SPIEGEL: Klar. Lesen Sie sich das alles systematisch an?
Dath: Das naturwissenschaftliche Zeug kommt von Freunden, Geologen oder Chemikerinnen, meinen liebsten Vertrauten. Wir machen Tauschgeschäfte. Die brauchen manchmal Antragsbegründungen oder Konferenzprotokolle. Ich sage dann: Ich mache dir das, dafür erklärst du mir beim nächsten Buch, was eigentlich ein Pheromon ist.
SPIEGEL: Fällt Ihnen das komplizierte Schreiben eigentlich so leicht, wie Sie jetzt tun? Sie haben zehn Romane in 13 Jahren veröffentlicht, manche über 500 Seiten dick, nebenbei waren Sie Redakteur - ausgerechnet bei der "FAZ".
Dath: Ich schlafe wenig. Und ich schreibe eigentlich immer, wenn ich wach bin.
SPIEGEL: Jeden Tag?
Dath: Ich schreibe auf jeden Fall täglich, wenn ich irgendwie kann.
SPIEGEL: Heute schon geschrieben?
Dath: Ja, heute Morgen. Ich bin um fünf aufgestanden und habe zwischen sechs und acht ganz gut was weggemacht.
SPIEGEL: Was treibt Sie so sehr?
Dath: Die Initialzündung für das Schnellschreiben kam schon im Teenageralter, damals in meiner Kleinstadt. Da habe ich begonnen, mir Abenteuergeschichten mit realen Figuren aus dem Freundeskreis auszudenken. Ich habe nur den Fehler gemacht, die Geschichten herumzugeben, bevor sie fertig waren, und alle wollten wissen, wie es weitergeht. Also habe ich angefangen, in Fortsetzungen, in Lieferungen zu schreiben - und damit gegen die Uhr.

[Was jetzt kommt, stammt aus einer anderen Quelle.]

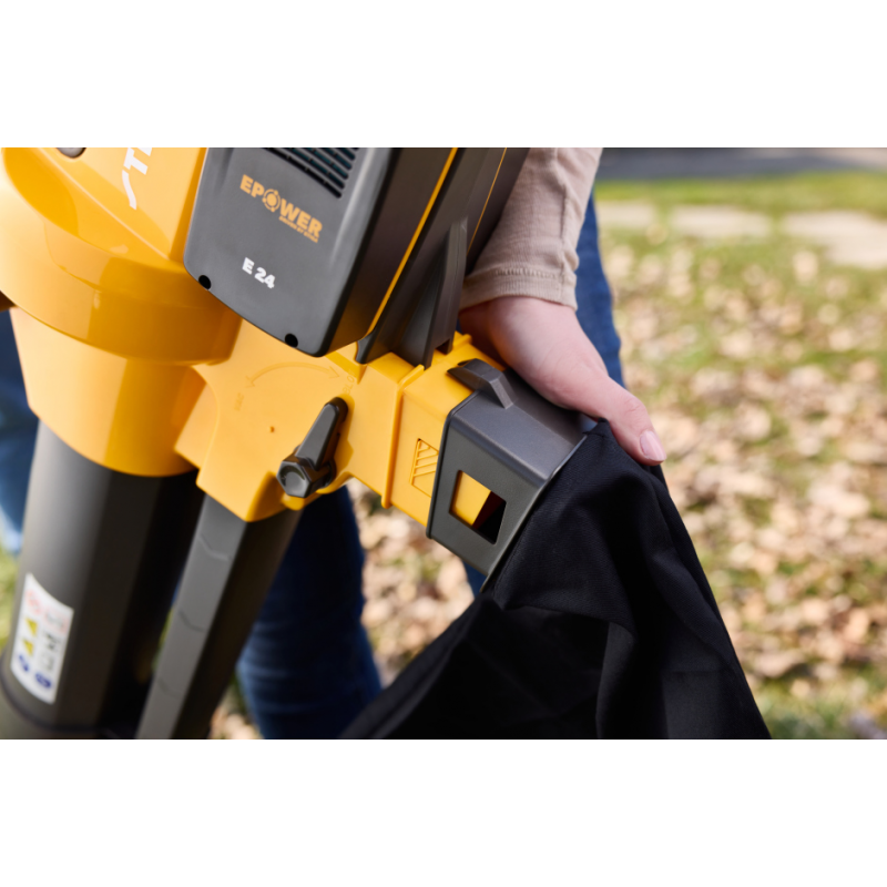 Wystarczy obrócić dźwignię, żeby wydmuchać liście albo wciągnąć zanieczyszczenia do rozdrabniacza, który automatycznie rozdrobni je w ściółkę.
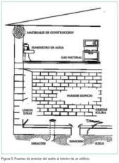 Por ejemplo, en un edificio (figura 5) el radón se filtra del suelo donde esta asentado a través, sobre todo, de los agujeros de desagües, grietas en el pavimento, fisuras en las paredes y por las características propias de los materiales de la casa. Otra ruta de entrada del radón es el aire que proviene del exterior o liberado a partir del agua.
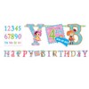 - Features ""Happy Birthday"" spelled out in pink, orange and teal
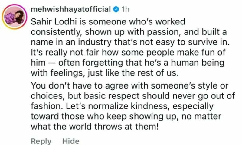 انہوں نے کہا کہ ساحر لودھی انڈسٹری کے ایک بہترین فنکار ہیں جنہوں نے اپنا نام بنانے میں بہت محنت کی ہے اور کسی کی محنت اور جدوجہد کا مذاق اُڑانا درست نہیں۔
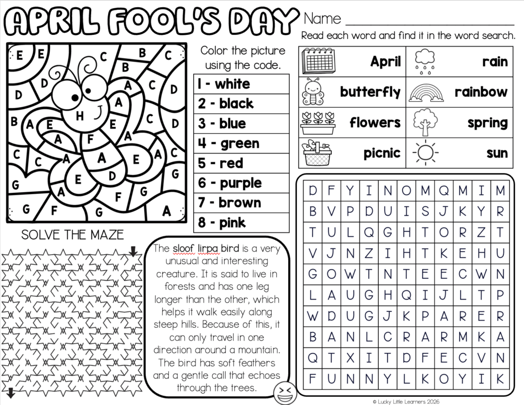 Team Lucky Little Learners created a free reading passage to use on this funny day. Sign up below to snag your freebie.
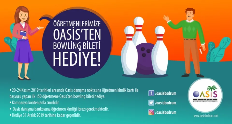 “Oasis Bodrum Alışveriş Kültür ve Eğlence Merkezi, bilginin kaynağı olan öğretmenlere bu öğretmenler gününde keyifli zaman geçirmelerini sağlayacak bir hediye hazırladı. 20-24 Kasım 2019 tarihleri arasında öğretmenler gününe özel düzenlenen kampanya kapsamında Oasis danışma noktasına başvuran ilk 150 öğretmene, tek kişilik bowling bileti hediye edildi!” Her mevsim alışverişin en güzel halinin yaşandığı Oasis Bodrum Alışveriş Kültür ve Eğlence Merkezi, geleceğimizin mimarı olan öğretmenlere özel hediye bowling kampanyası düzenledi. Öğretmenler gününe özel sunulan kampanya kapsamında, 20-24 Kasım 2019 tarihleri arasında, alışveriş merkezini ziyaret eden ve öğretmen kartı ile Oasis danışma noktasına başvuru yapan ilk 150 öğretmene, tek kişilik bowling bileti hediye edildi. Hediye biletlerini teslim alan öğretmenler, Bodrum’un tek bowling kafesi olan Oasis Bowling’de oyun oynarken ara tatilin tadını doyasıya çıkardı. Hediye biletler, 31 Aralık 2019 tarihine kadar geçerli olmaya devam edecek.

SPIEGEL: Dieses Vielschreiben, hat das etwas Therapeutisches für Sie?
Dath: Ich habe früh in meinem Leben gespürt, dass es für meine Unzufriedenheit mit den allgemeinen Verhältnissen zwei mögliche Ventile gibt: Kultur oder Randale. Für Randale war ich nicht robust genug.
SPIEGEL: Herr Dath, wir danken Ihnen für dieses Gespräch.

Dietmar Dath
ist einer der umstrittensten jüngeren deutschen Schriftsteller. Die eine Hälfte der Literaturkritik findet ihn genial, wenn auch schwer lesbar; die andere unerträglich, wenn auch irgendwie interessant. Sein jüngster Roman "Die Abschaffung der Arten" spielt weit in der Zukunft, die Protagonisten sind zum Teil telepathisch kommunizierende und sich selbst klonende Tiere, die komplizierte Probleme aus Forschung, Wissenschaft und Staatslehre verhandeln. Dath, 38, kam damit unter die letzten sechs Kandidaten für den Deutschen Buchpreis. In seiner Streitschrift "Maschinenwinter. Wissen, Technik, Sozialismus" (beide Bücher im Suhrkamp-Verlag) fordert er, der Mensch müsse die Maschinen befreien, damit sie ihm wieder von Nutzen sein können. Dath, ehemals Chefredakteur der Pop-Zeitschrift "Spex" und bis 2007 Redakteur der "FAZ", bekennt sich zum Marxismus. In Alexander Kluges mehr als neunstündigem Karl-Marx-Film tritt er als Experte auf und erklärt, warum Marx uns heute immer noch helfen kann. Im April erscheint von ihm eine Biografie Rosa Luxemburgs.
* Mit Redakteur Philipp Oehmke in der Frankfurter Suhrkamp-Zentrale.